- _Dataset extract_
╭──
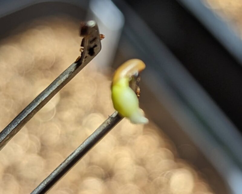 ピンボケ・・・。殻は取れてないけど塊根部がプックリ。根はまだ伸びておらず、この状態が移し替えにはベター。発芽確認できたらスグがベストかも。
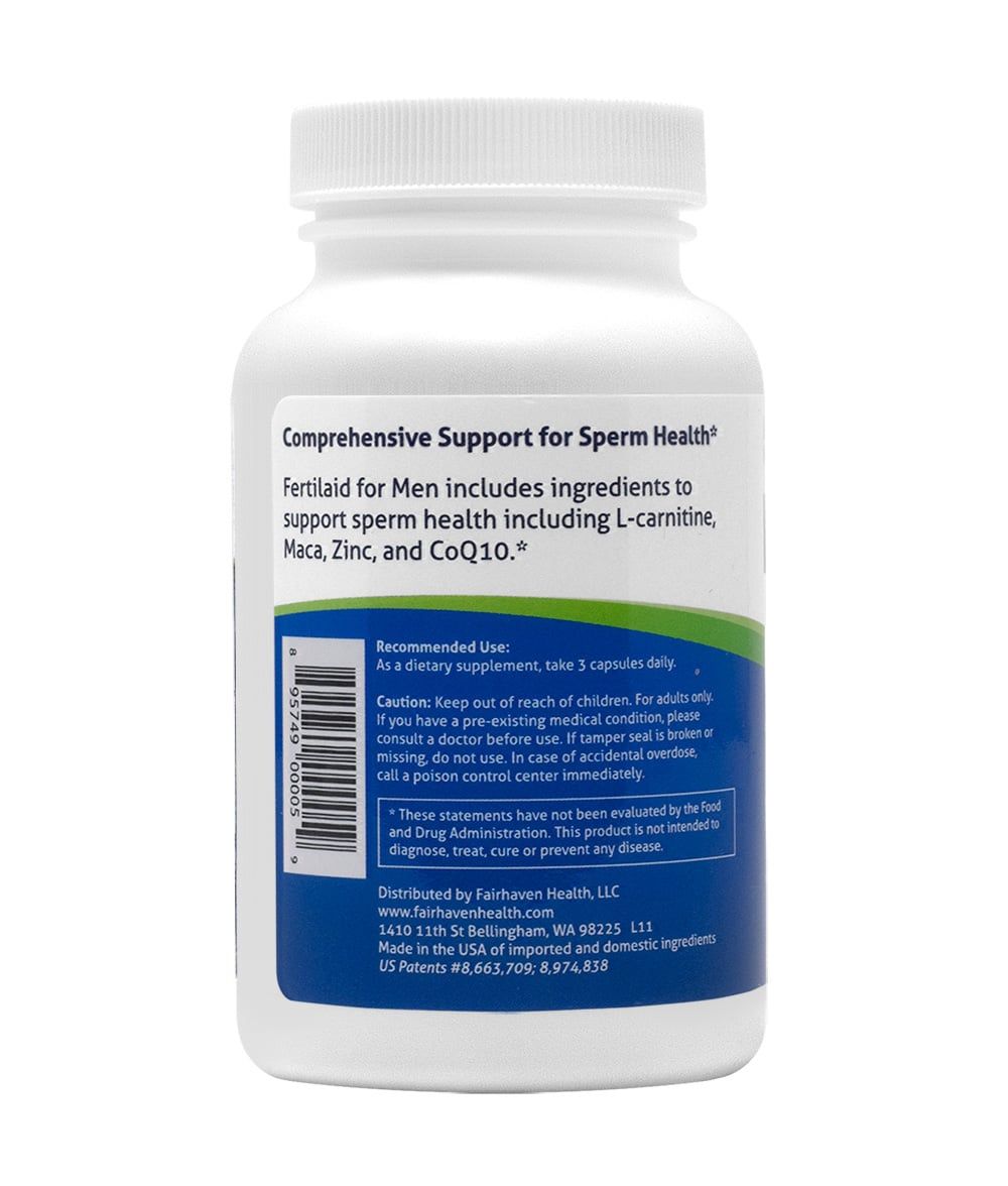 FertilAid for Men Fills Your Diet Gaps and Supports Sperm with a Potent Mix of Vitamins, Specialty Nutrients and Herbs*Since 2003, FertilAid for Men has been blazing the trail in the world of fertility supplements. FertilAid for Men was the first supplement to support male fertility on two fronts by combining key fertility herbs and antioxidants - including Maca, Zinc, CoQ10, and L-carnitine tartrate - along with a comprehensive male prenatal multivitamin. Two decades after hitting the market, FertilAid for Men continues to set a high bar for natural support for male fertility and reproductive health.Clinically Studied To Support the Number of Total Motile SpermMale fertility is in part a numbers game - the more sperm you have, the better the chances that one of those will be vital enough to fertilize the egg. Motility and morphology are also key factors - that is, sperm have to swim fast and be of the right shape in order to reach and penetrate the egg.
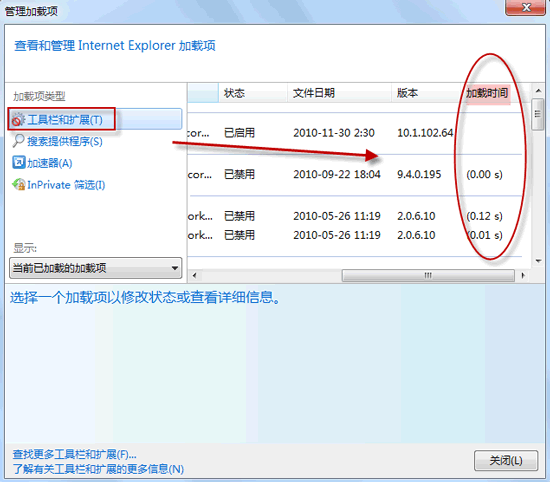打開“管理加載項”窗口后,在“加載項類型”下選擇“工具欄和擴展”。然后向右拉動滑塊,在每個加載項的最后我們可以看到加載所需的時間。如下圖所示:
╰──
- _Assigned task_
Please retype the data exactly as it appears, but without any of its pictures.

- _Task solution_
 ピンボケ・・・。殻は取れてないけど塊根部がプックリ。根はまだ伸びておらず、この状態が移し替えにはベター。発芽確認できたらスグがベストかも。
 FertilAid for Men Fills Your Diet Gaps and Supports Sperm with a Potent Mix of Vitamins, Specialty Nutrients and Herbs*Since 2003, FertilAid for Men has been blazing the trail in the world of fertility supplements. FertilAid for Men was the first supplement to support male fertility on two fronts by combining key fertility herbs and antioxidants - including Maca, Zinc, CoQ10, and L-carnitine tartrate - along with a comprehensive male prenatal multivitamin. Two decades after hitting the market, FertilAid for Men continues to set a high bar for natural support for male fertility and reproductive health.Clinically Studied To Support the Number of Total Motile SpermMale fertility is in part a numbers game - the more sperm you have, the better the chances that one of those will be vital enough to fertilize the egg. Motility and morphology are also key factors - that is, sperm have to swim fast and be of the right shape in order to reach and penetrate the egg.
打開“管理加載項”窗口后,在“加載項類型”下選擇“工具欄和擴展”。然后向右拉動滑塊,在每個加載項的最后我們可以看到加載所需的時間。如下圖所示:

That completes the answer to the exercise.